*Supplied data*.
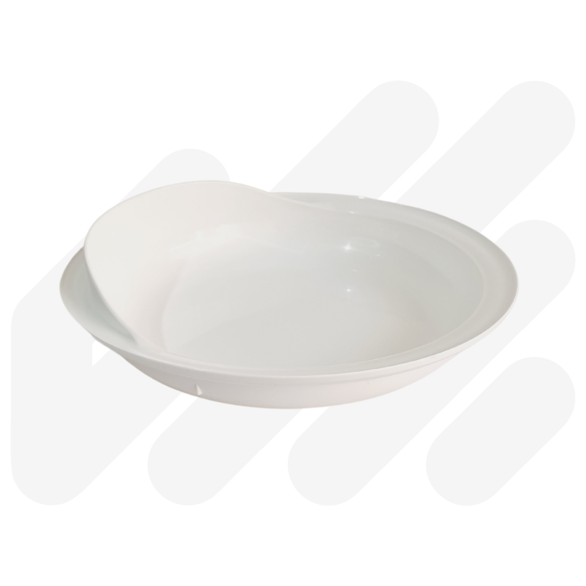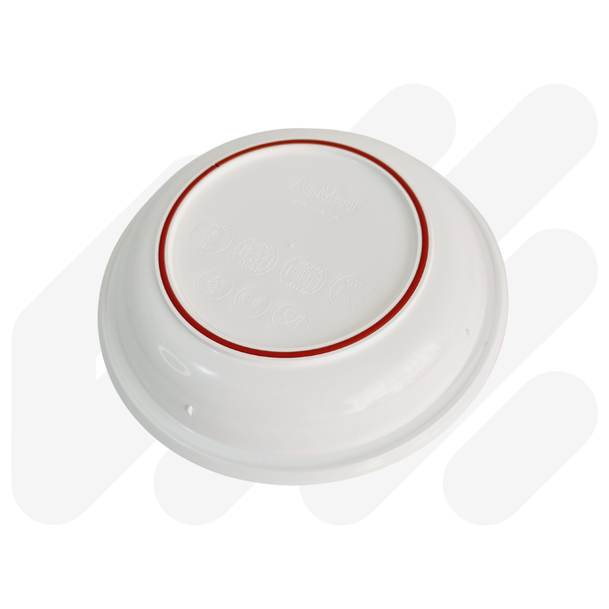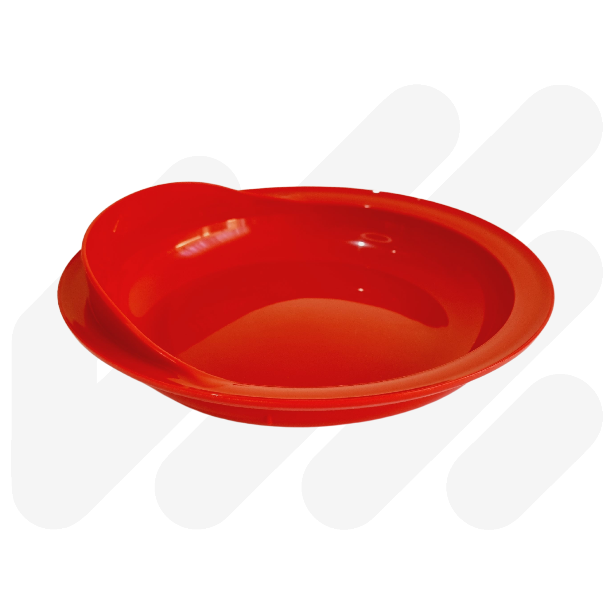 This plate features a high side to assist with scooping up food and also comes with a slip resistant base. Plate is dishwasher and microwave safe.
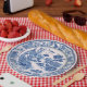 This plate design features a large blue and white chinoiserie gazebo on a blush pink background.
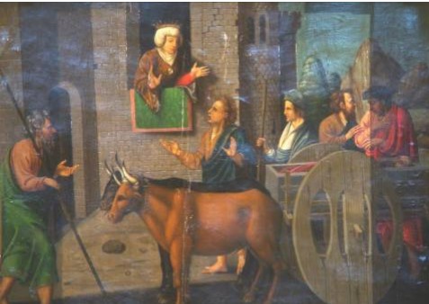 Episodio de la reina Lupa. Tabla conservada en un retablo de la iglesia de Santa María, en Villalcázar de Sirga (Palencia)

*Activity*. Retype everything in the material word for word, minus pictures.

*Reply*.
 This plate features a high side to assist with scooping up food and also comes with a slip resistant base. Plate is dishwasher and microwave safe.
 This plate design features a large blue and white chinoiserie gazebo on a blush pink background.
 Episodio de la reina Lupa. Tabla conservada en un retablo de la iglesia de Santa María, en Villalcázar de Sirga (Palencia)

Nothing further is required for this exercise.